What makes the world’s happiest countries so happy? In this assignment, let’s try to answer this question by
finding the most important factors that affect the happiness score in the past several years (Part 1 uses data from
2017 to 2019, and Part 2 uses data from 2021). The columns following the happiness score (“Ladder Score”)
estimate the extent to which each of the six factors – economic production, social support, life expectancy, freedom,
absence of corruption, and generosity – contribute to making life evaluations higher in one country than they are
in Dystopia, a hypothetical country that has values equal to the world’s lowest national averages for each of the six
factors. Your tasks in this assignment is to use data from years to discern the relationship between the happiness
score (“Ladder Score”) with the six factors and residual (the last feature in the data). The data are available at
2.1 Part 1: Understanding Data From World Happiness Report [40 marks]
The first part of this assignment is to explore the data. The task is to use CRISP-DM, EDA and data manipulation
to define the machine learning tasks, understand, and prepare the data.
COMP309-T2, 2021 1 Ass2
1. (15 marks) Perform an initial EDA on the given data to gain an understanding of the data. The analyses
should explore the data from three different aspects including:
(a) the correlation between variables, check any important pattern.
(b) figure out any countries consistently scoring high or low across the variables,
(c) any happiness discrepancy across regions and years.

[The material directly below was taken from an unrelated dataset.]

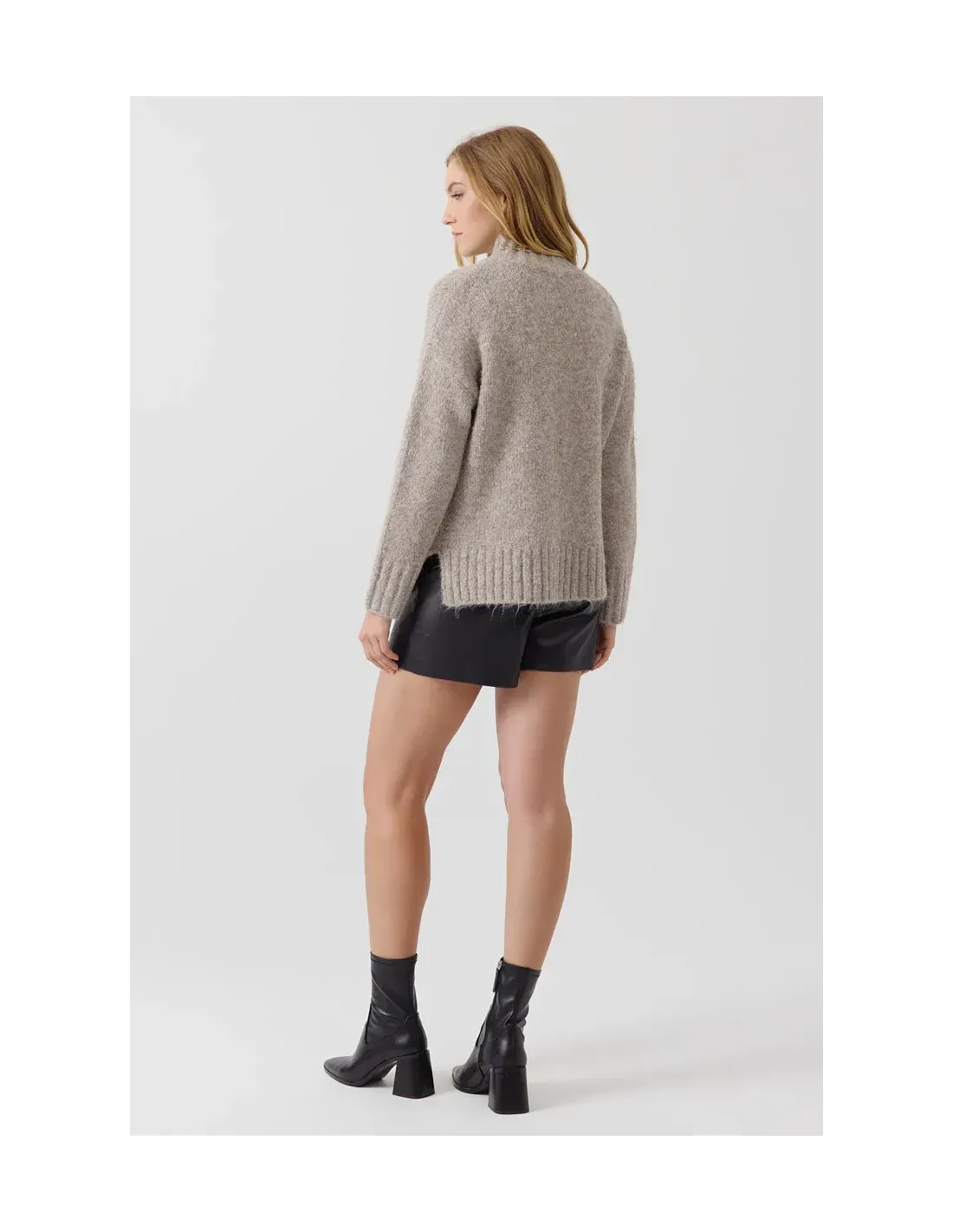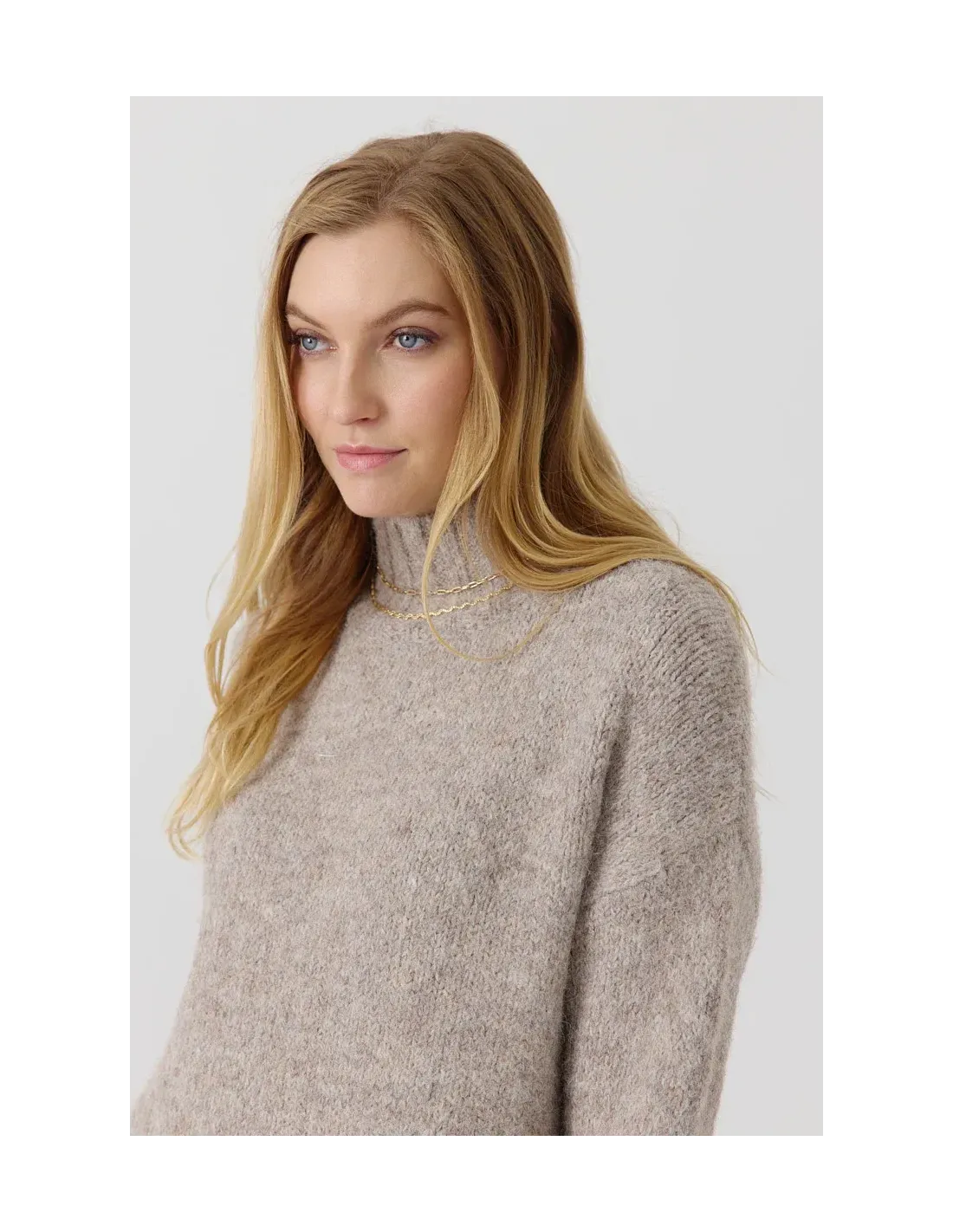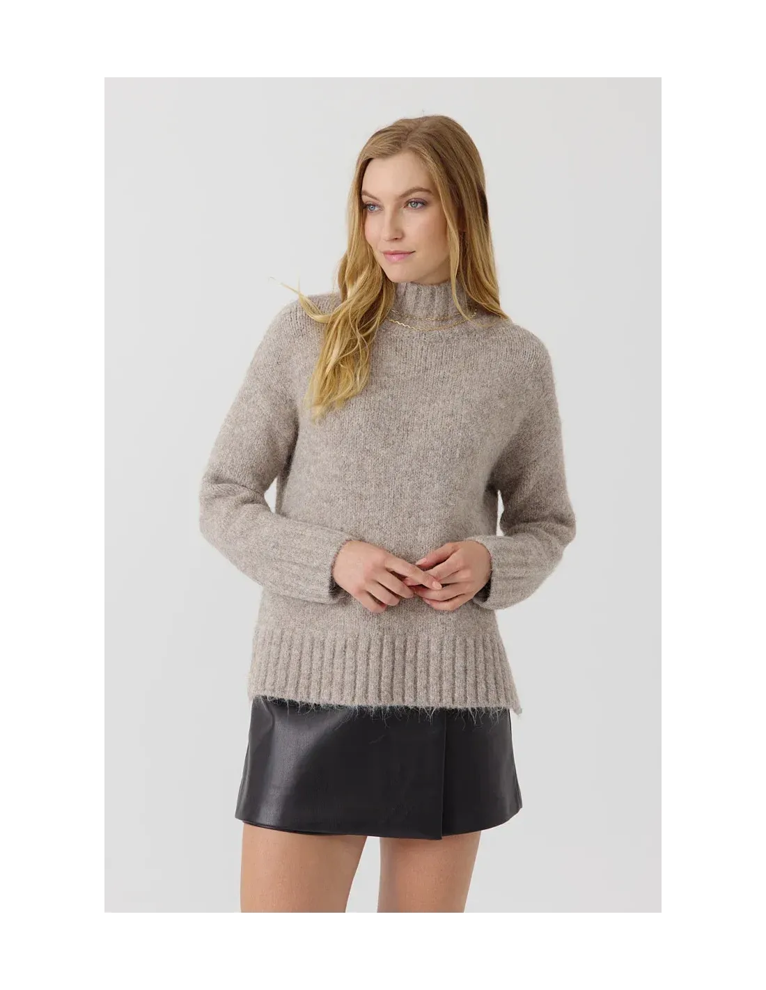 Pull en manches longues, col montant. Coupe droite et finitions cotelèes.

Provide answers to these three questions. Report your EDA methods and results. Identify how EDA helps you
answer the questions. Submit your code if you use Python or the workflow (your ows file) if you use Orange.
2. (10 marks) Investigate the business understanding questions (or business objectives) based on your exploration
of the data. It is noted that a key question to ask is “which factors contributes most to the happiness score?”
(a) Identify and describe two other business questions that could be asked of the happiness data as well.
(b) For these three business understanding questions, decide which machine learning techniques can be applied
to meet them and provide your justifications in the report.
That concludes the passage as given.